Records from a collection

--------------------------------

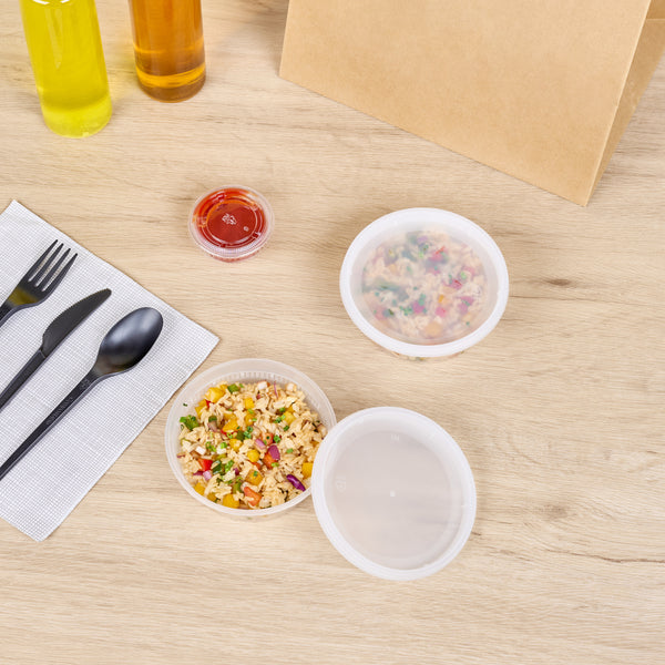 8 OZ ROUND CLEAR PLASTIC SOUP CONTAINER - WITH LID, MICROWAVABLE
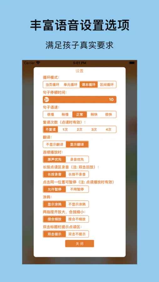 1、跟读模式:循环当页、循环单元、循环课本、区间循环
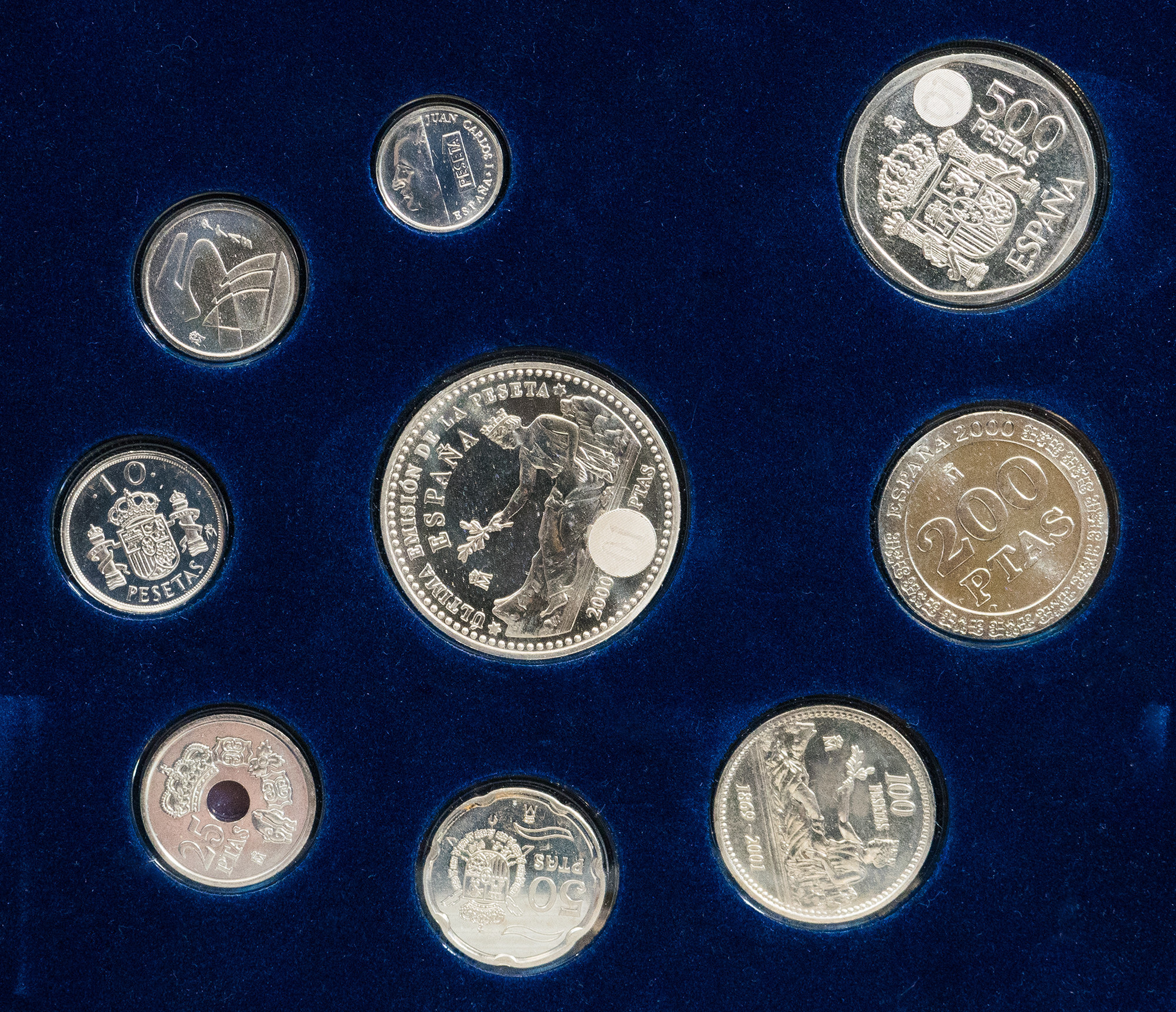 JUAN CARLOS I. Estuche de la FNMT Las últimas pesetas en plata: 1 pta. (AR 2,15 g), 5 pts. (AR 3,9 g), 10 pts. (AR 4,65 g), 25 pts. (AR 5,55 g), 50 pts. (AR 6,55 g), 100 pts. (AR 12 g), 200 pts. (AR 12,3 g), 500 pts. (AR 15,5 g) y 2000 pts. (18 g). Con certificado y acompañado del libro Historia de la peseta, de José María Aledón. SC.
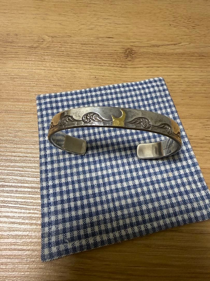 ご覧いただきありがとうございます。こちらのサイトで新品で購入してから付けずに飾っていました。重みもあり、革ブレスと重ね付けするとかっこいいです。薄さやクオリティーが良く肌あたりが完璧です。 シルバー925サイズ M最後あたりは参考画像です。ハンドメイド ノーブランド インディアンジュエリー です。デニム、アメカジ、ゴローズ、タディアンドキング との相性は抜群です。返品交換などは致しません。ご理解頂ける方のみお取引よろしくお願いいたします。
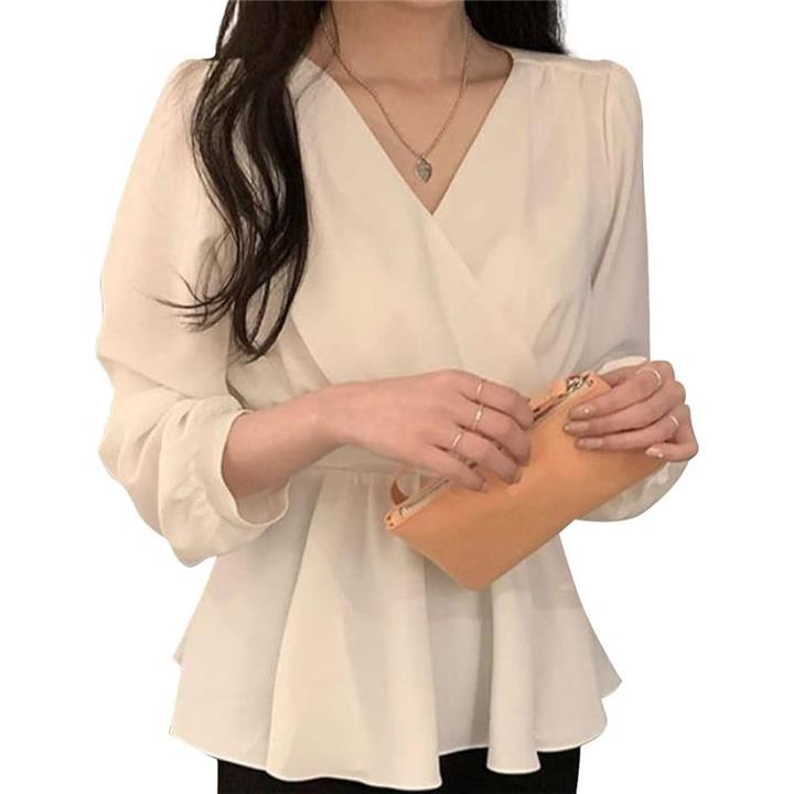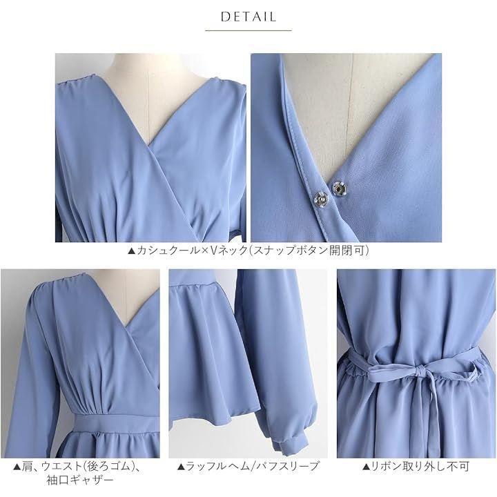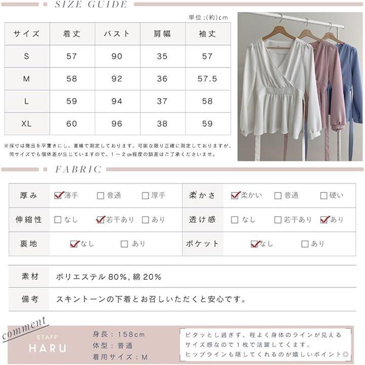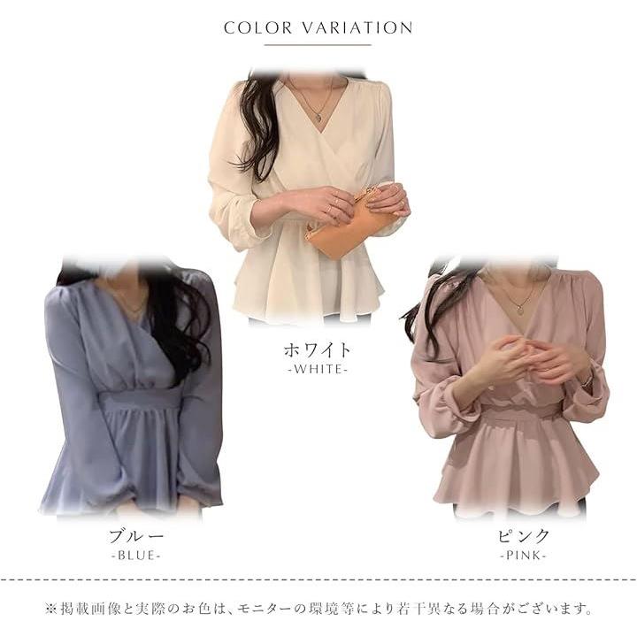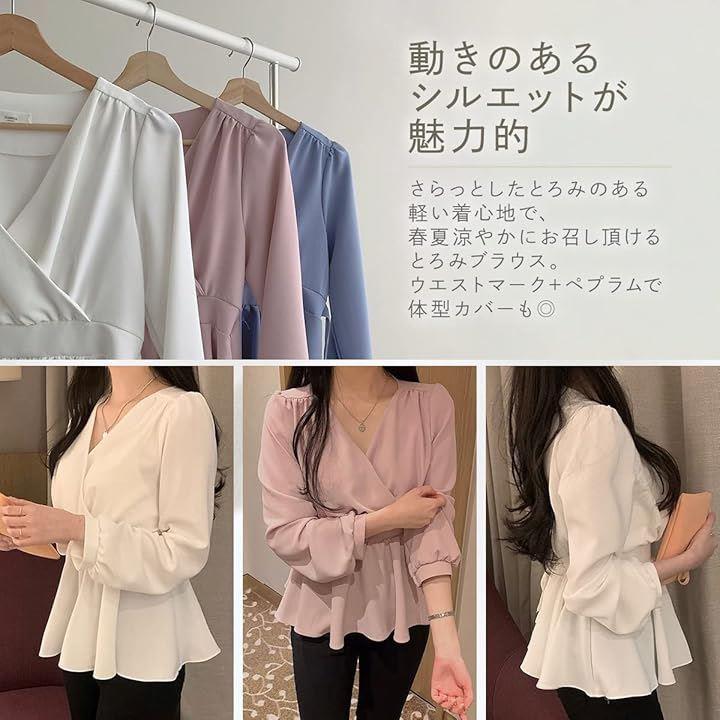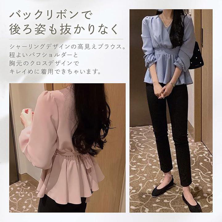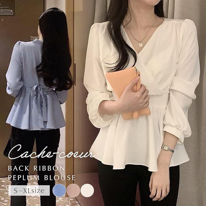[ウェアビー] カシュクール へプラム リボン ブラウス 長袖 シャツ シャーリング キレイめ レディース 薄手 トップス サラサラ ロングシャツ 高見え パフショルダー クロスデザイン バックリボン ウエストマーク 可愛い おしゃれ |
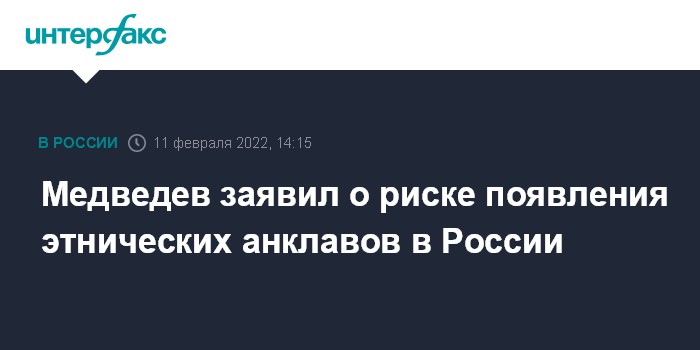 "В местах компактного проживания мигрантов существует риск образования этнических анклавов. Это мировая проблема. У нас она тоже присутствует в полном объеме", - сказал Медведев в ходе совещания по вопросу дополнительных мер по интеграции и адаптации мигрантов в российском обществе.
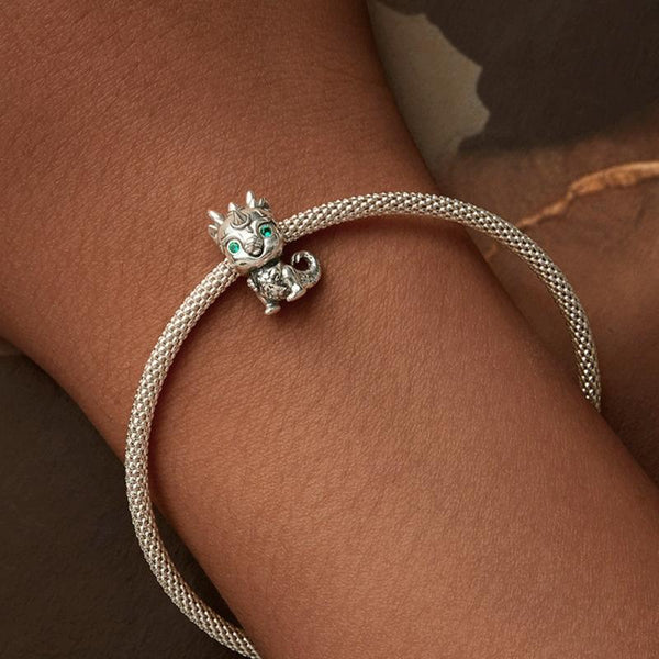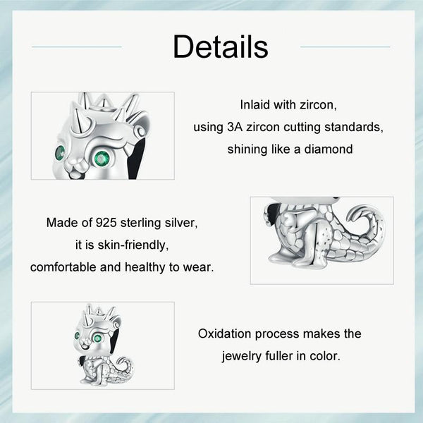 S925 Sterling Silver New Year Cute Little Dragon DIY Beads(SCC2720)

--------------------------------

Please copy the records above word for word, leaving out every picture.

 8 OZ ROUND CLEAR PLASTIC SOUP CONTAINER - WITH LID, MICROWAVABLE
 1、跟读模式:循环当页、循环单元、循环课本、区间循环
 JUAN CARLOS I. Estuche de la FNMT Las últimas pesetas en plata: 1 pta. (AR 2,15 g), 5 pts. (AR 3,9 g), 10 pts. (AR 4,65 g), 25 pts. (AR 5,55 g), 50 pts. (AR 6,55 g), 100 pts. (AR 12 g), 200 pts. (AR 12,3 g), 500 pts. (AR 15,5 g) y 2000 pts. (18 g). Con certificado y acompañado del libro Historia de la peseta, de José María Aledón. SC.
 ご覧いただきありがとうございます。こちらのサイトで新品で購入してから付けずに飾っていました。重みもあり、革ブレスと重ね付けするとかっこいいです。薄さやクオリティーが良く肌あたりが完璧です。 シルバー925サイズ M最後あたりは参考画像です。ハンドメイド ノーブランド インディアンジュエリー です。デニム、アメカジ、ゴローズ、タディアンドキング との相性は抜群です。返品交換などは致しません。ご理解頂ける方のみお取引よろしくお願いいたします。
[ウェアビー] カシュクール へプラム リボン ブラウス 長袖 シャツ シャーリング キレイめ レディース 薄手 トップス サラサラ ロングシャツ 高見え パフショルダー クロスデザイン バックリボン ウエストマーク 可愛い おしゃれ |
 "В местах компактного проживания мигрантов существует риск образования этнических анклавов. Это мировая проблема. У нас она тоже присутствует в полном объеме", - сказал Медведев в ходе совещания по вопросу дополнительных мер по интеграции и адаптации мигрантов в российском обществе.
 S925 Sterling Silver New Year Cute Little Dragon DIY Beads(SCC2720)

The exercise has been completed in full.